Ingredients:
3 blocks of frozen soup base from the saving celery post
OR
3 T butter, 2 ribs of celery, 1/2 an onion, 2-3 carrots (depending on size), 1-2 tsp dried basil, 1-2 tsp dried parsley
1/4 to 1/2 cup flour
1 1/2 cups milk
1 1/2 cups cream (either heavy whipping cream or regular)
(note, you can substitute 3 cups of half and half for the milk and cream)
1 1/2 cups water or chicken broth
2 cubes of chicken bullion (if you opt for water)
1 lb of cooked, chopped chicken
1 can of peas, drained
4-5 cups of cubed potatoes
1 sheet of puff pastry (I use Pepperidge Farms, which comes with two sheets)
Preheat your oven to 400 degrees
First, remove your sheet of puff pastry and set it out on a plate to thaw. It usually takes at least 45 minutes for it to thaw enough to work with. The puff pastry sheet comes folded in thirds. Just set it out, and don't worry about unfolding it until it is thawed out.
Next put your blocks of soup base in a large pot and cook over medium heat. You don't have to thaw them out, just put them in the pot and stir. The blocks will break apart as they melt. If you don't have soup base on hand, go ahead and finely chop your celery, onion and carrot and add it to the pot along with the 3 T butter and the spices. Cook and stir until the onions and celery are translucent. Add flour and stir well. You should add enough flour to make things really thick, almost like paste. (See pic below)
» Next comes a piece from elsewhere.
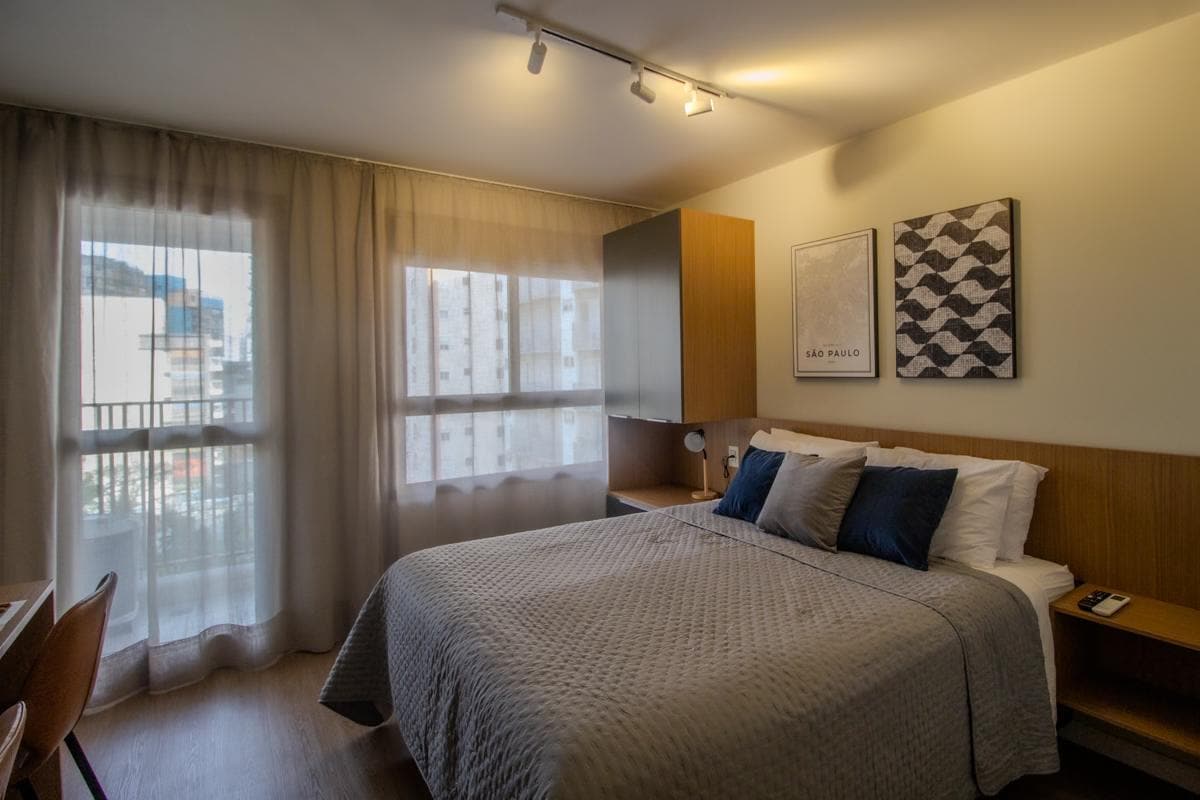 Enjoy the bohemian and artistic Vila Madalena, full of bars, restaurants and cafes. You can get to know the region or even take a tour to city parks with a bike, avaiable free of charge. Will you come to work? Focus on it at the confortable table facing the green balcony with a beautiful view of the tree tops. After all, enjoy the gym, poll, sauna and snooker room for your complete leisure.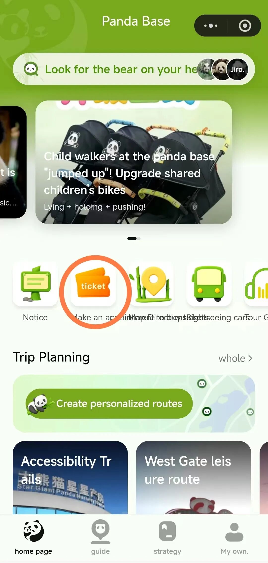 Tickets must be booked online with real names. Visitors can book tickets in advance through the “成都大熊猫繁育研究基地” (“Chengdu Research Base of Giant Panda Breeding”) WeChat Official Account or the namesake WeChat Mini Program.

Next add the milk, cream and water (with bullion cubes) or broth. Stir with a whisk and cook over medium heat until things thicken.
Meanwhile, in a seperate pot cook the cubed potatoes in salted water until they are fork tender. Pour your sauce mixture into a 9x13 pan. Add the cooked potatoes, chicken and the drained peas. Stir everything together.
Meanwhile, in a seperate pot cook the cubed potatoes in salted water until they are fork tender. Pour your sauce mixture into a 9x13 pan. Add the cooked potatoes, chicken and the drained peas. Stir everything together.
Unfold the puff pastry and cut it into thirds along the fold lines. Cut each third into four equal pieces. Place the 12 pieces on the top of your filling. I do this by alternating the pieces the long way and the short way so that they will all fit nicely. If you prefer to do it a different way, that is okay too.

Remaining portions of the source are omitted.